What to do about low magnesium symptoms
Food first. Most people can cover their needs through diet, and food provides magnesium alongside fibre and other nutrients. The recommended intake is roughly 310–320 mg a day for adult women.
| Food | Approx. magnesium |
|---|---|
| Pumpkin seeds (1 oz) | ~150 mg |
| Almonds (1 oz) | ~80 mg |
| Cooked spinach (½ cup) | ~78 mg |
| Dark chocolate (1 oz) | ~65 mg |
| Black beans (½ cup) | ~60 mg |
For practical targets, see our guide to magnesium benefits, sources and dosage and the best diet for menopause.
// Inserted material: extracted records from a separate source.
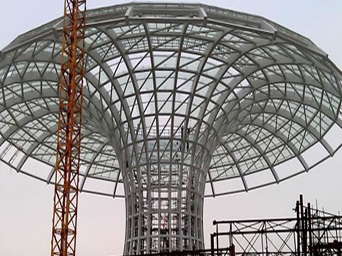 二、球形网架结构因其结构新颖,受力合理,自重轻、用钢量低等优点。如大型体育场馆球形吉林螺栓球网架、公共场馆球形网架、电厂吉林螺栓球网架、水泥工业球形网架、仓储物流球形网架、吉林干煤棚工业球形网架、吉林收费站吉林加油站球形网架、展览中心、影剧院、商场、航站楼、候车厅、工厂吉林车间、仓库、电视塔等球形螺栓球节点网架。国内球形网架结构主要分为:吉林焊接球节点网架及螺栓球节点网架两种。螺栓球节点网架其构件工厂内加工量较大,现场安装便捷,适用于现场工期紧,吉林施工条件、用电量受制约,网架形状复杂、吉林杆件定位困难的异形结构。螺栓球节点球形网架系统基本由吉林杆件、螺栓球、支撑支座等组成。按照节点形式可分为交叉吉林桁架体系、四角锥体系、三角锥体系等。支撑方式多为固定支座支撑。对于大面积、大跨度及有特殊受力或伸缩要求的网架结构可采用橡胶支座、滑移支座、球铰支座等支撑形式,以满足结构自身的受力稳定、均衡,便于内力释放等设计要求。
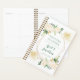 Gardez vos détails de mariage à portée de main et à jour avec ce wedding planner magnifiquement conçu. Doté d'une superbe aquarelle et de roses blanches avec de l'or et des feuilles verts avec une superposition géométrique. Des étincelles dorées parsement également. Personnalisez avec vos propres informations.
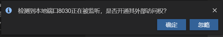 - 等待调试实例启动,右下角弹出端口监听提示,我们点击确定。
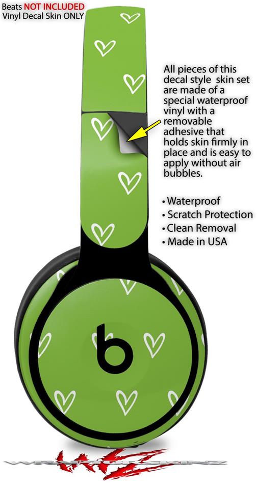 WraptorSkinz Skin Skin Decal Wrap works with Beats Solo Pro (Original) Headphones Hearts Green On White Skin Only BEATS NOT INCLUDED
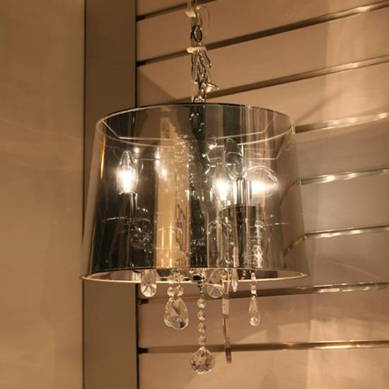 This is a chandelier with several pendant crystals beads. The shade is made of PVC material and with transparent design. This is a Heo-classic product and design.
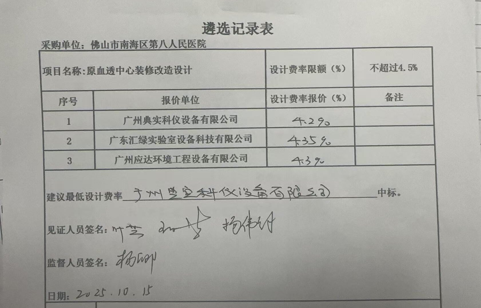 经过内部遴选和会议讨论,该公司符合设计要求,经验丰富,熟悉流程,最低价中选。
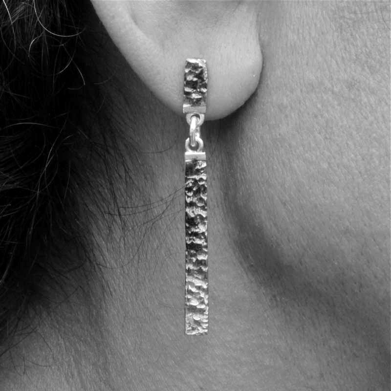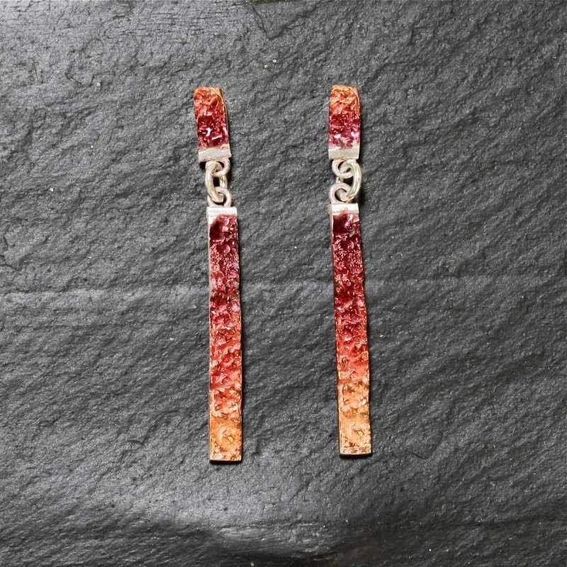 Pendiente orgánico rectangular de dos piezas con pigmentos de color rojo en plata diseñado y realizado a mano por EnVidria

If a supplement is advised
Supplements can help when intake is low or losses are high. For most of the symptoms people hope to fix, the evidence is honest but mixed. Using magnesium for sleep or anxiety shows modest, inconsistent benefits — helpful for some, not a cure. The evidence for ordinary leg cramps is weaker still: good-quality trials show little or no benefit for non-pregnancy night-time cramps, so don't expect a supplement to resolve them. The clearest exception is migraine: magnesium is one of the better-supported options for migraine prevention, with professional headache guidelines rating it as probably effective. That use is preventive — a daily dose to reduce how often attacks occur — not a remedy for stopping an attack already under way.
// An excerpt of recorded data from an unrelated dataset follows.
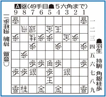 中盤戦では羽生が放った49手目▲5六角(A図)の自陣角が絶品の一手。序盤の▲6六歩も自陣角の配置によって生き生きと輝いている。攻めては後手陣の急所の金を狙う▲3四歩、受けては△2九飛を防ぎつつ遠く8九桂にもひもを付けている。攻防の名角によって羽生がリードを確かなものにした。
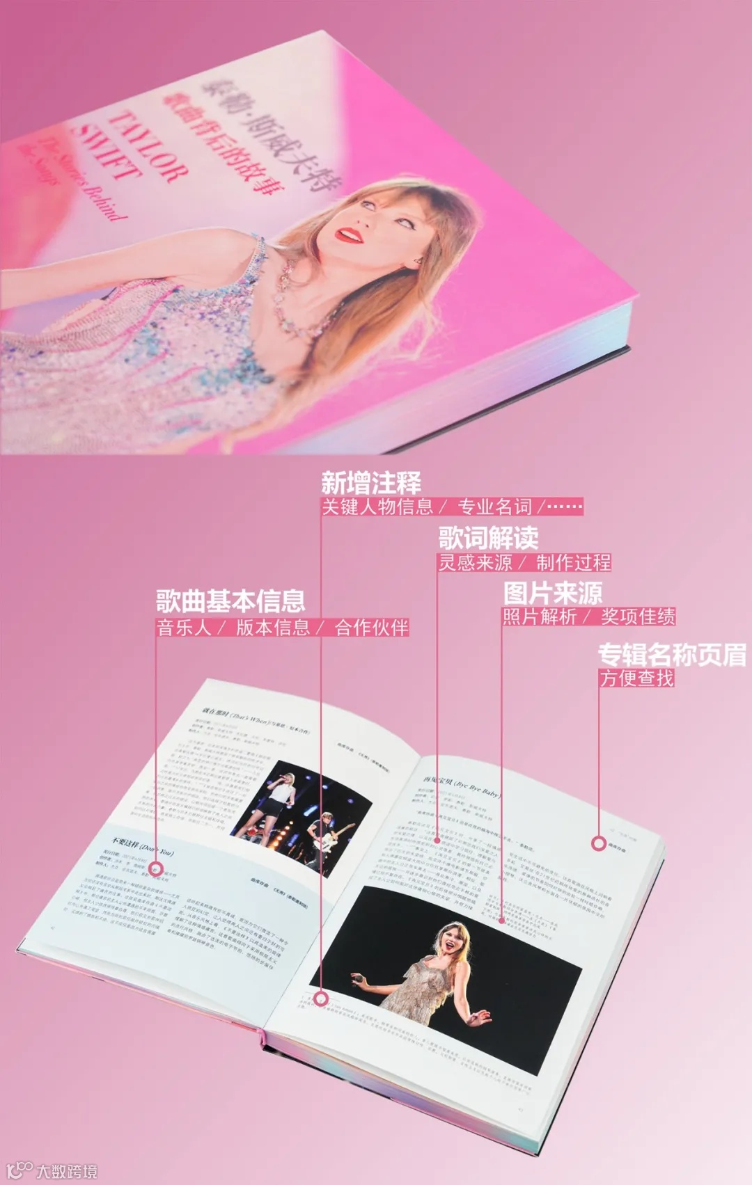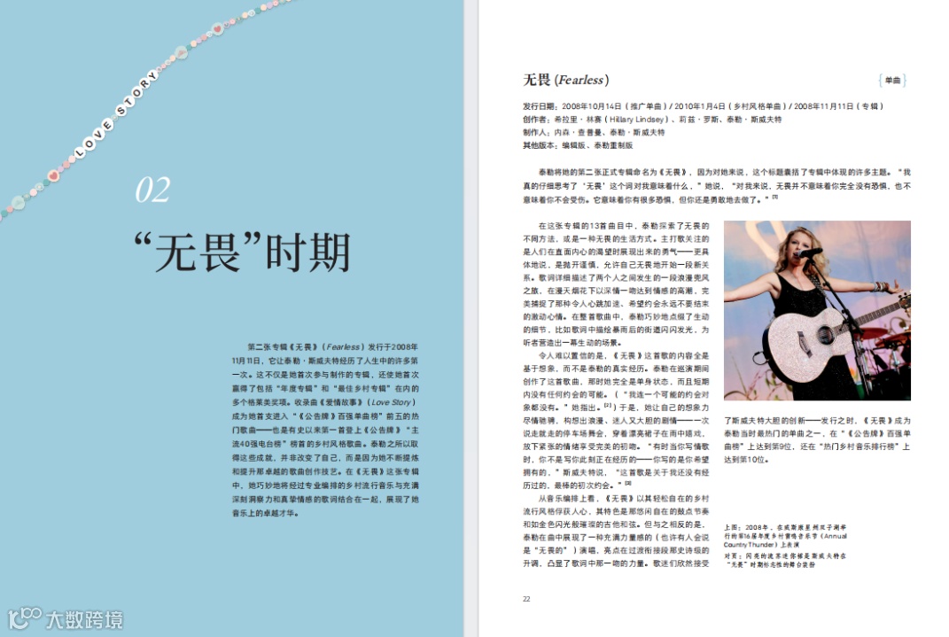除了文字内容外,书中还收录了180余幅泰勒的高清图片,包含了不同专辑时期的经典造型:流苏裙+牛仔靴、字母T恤+黑色礼帽、露腰两件套、亮片裙、绿色飘逸长裙……所有图片都经过严格的颜色校准,以求最大限度地还原霉霉的美貌。
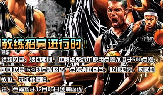 活动内容:活动期间,在教练系统中使用点券不低于500点券,即可获得15%的点券返还!

The form matters for how it's absorbed and tolerated:
- Glycinate — well absorbed and gentle on the stomach; a common first choice. See magnesium glycinate.
- Citrate — well absorbed but can loosen stools.
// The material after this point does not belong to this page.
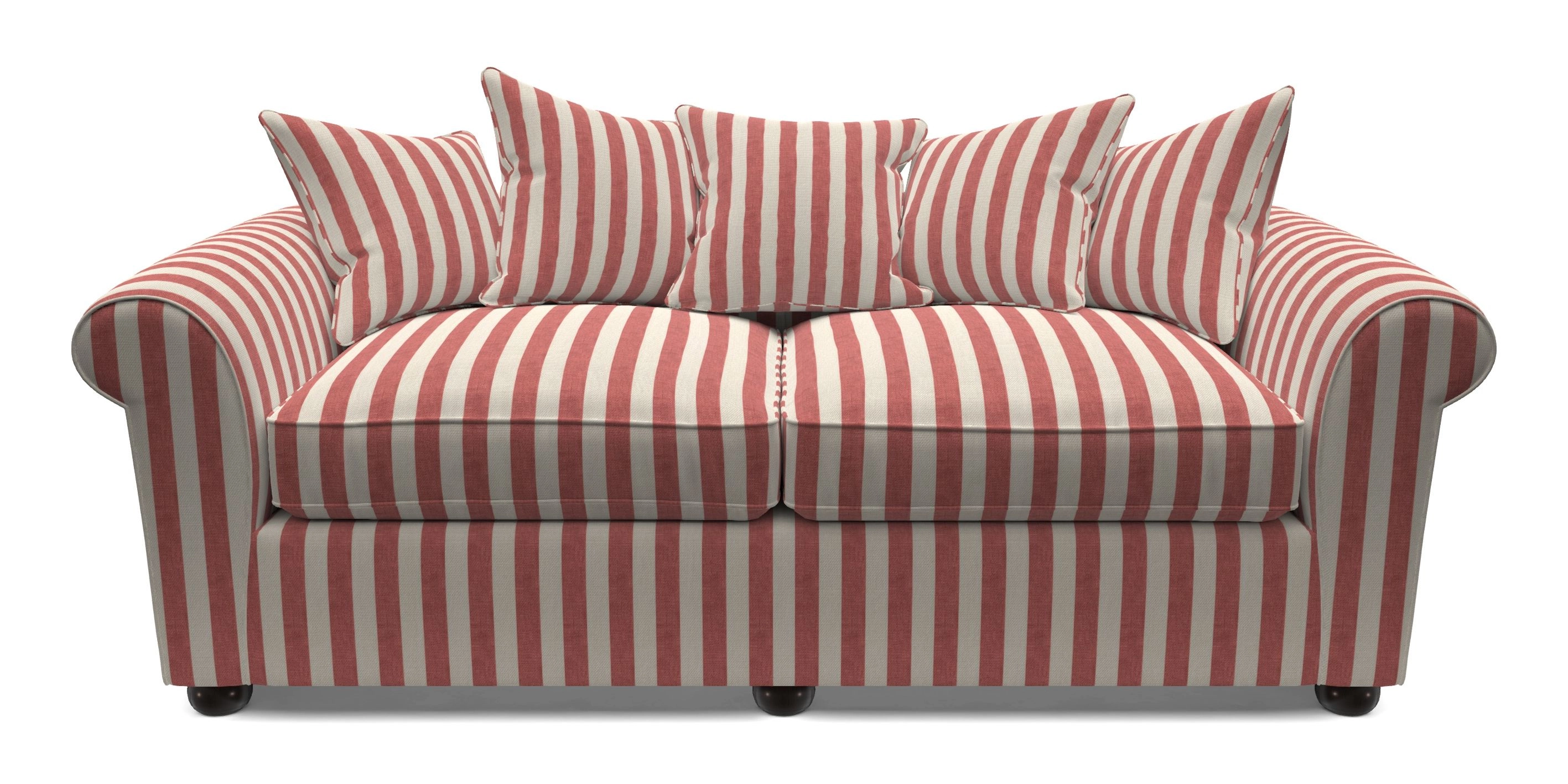 • Lewes 3 Seater Sofa in Walloon Stripe Red with Scatters in Walloon & Linwood Luna
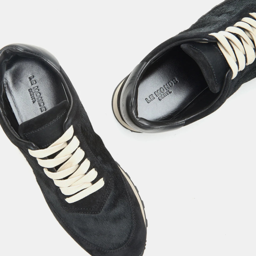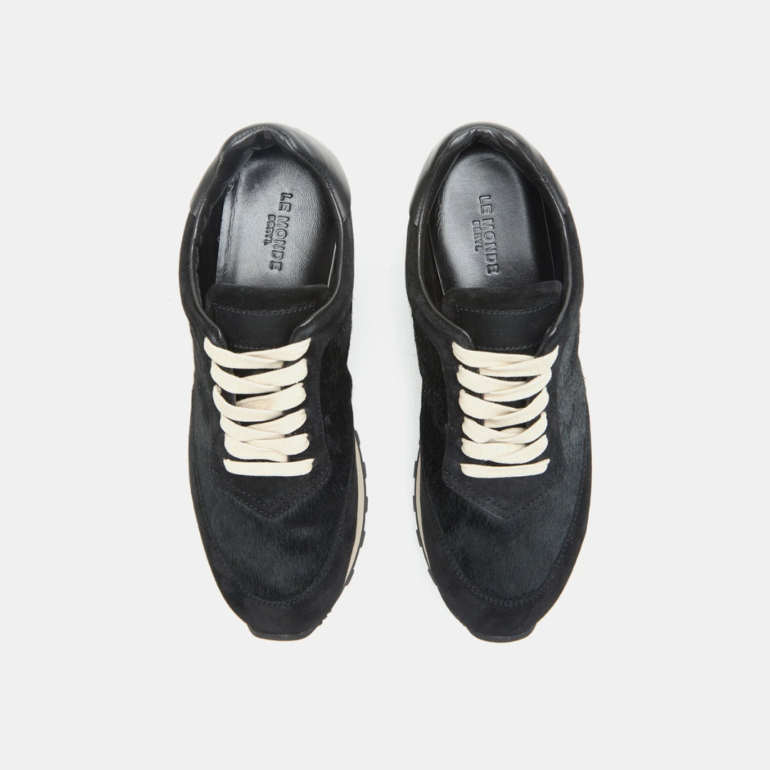 Slim Runner sneaker, handcrafted in black calf hair with tonal suede and leather details. Cushioned insole and lining in goat skin, tread in smooth rubber. Lace-up fastening. Made in Italy.

- Oxide — cheap, poorly absorbed, mainly a laxative.
- L-threonate — marketed for the brain on limited evidence.
Supplements usually provide 200–400 mg of elemental magnesium; treat that as general guidance, not a prescription. Note that the tolerable upper limit for magnesium from supplements is 350 mg a day for adults — this cap applies to pills, not to magnesium in food — so doses near the top of that range are best taken on advice rather than assumed safe. Too much causes diarrhoea. People with kidney disease must be cautious, since magnesium can accumulate to dangerous levels, and it interacts with some medicines — for example certain antibiotics and bisphosphonates should be taken at a separate time.
When to see a clinician
See a clinician if symptoms such as cramps, fatigue, poor sleep or low mood persist, are worsening, or don't fit an obvious cause — they can check your levels and look for the conditions that overlap with low magnesium. Seek urgent care for warning signs of severe deficiency: an irregular or racing heartbeat, severe muscle weakness, numbness or tingling, confusion or seizures. Don't self-treat heavily with high-dose magnesium, and check with your clinician or pharmacist first if you have kidney problems or take regular medication.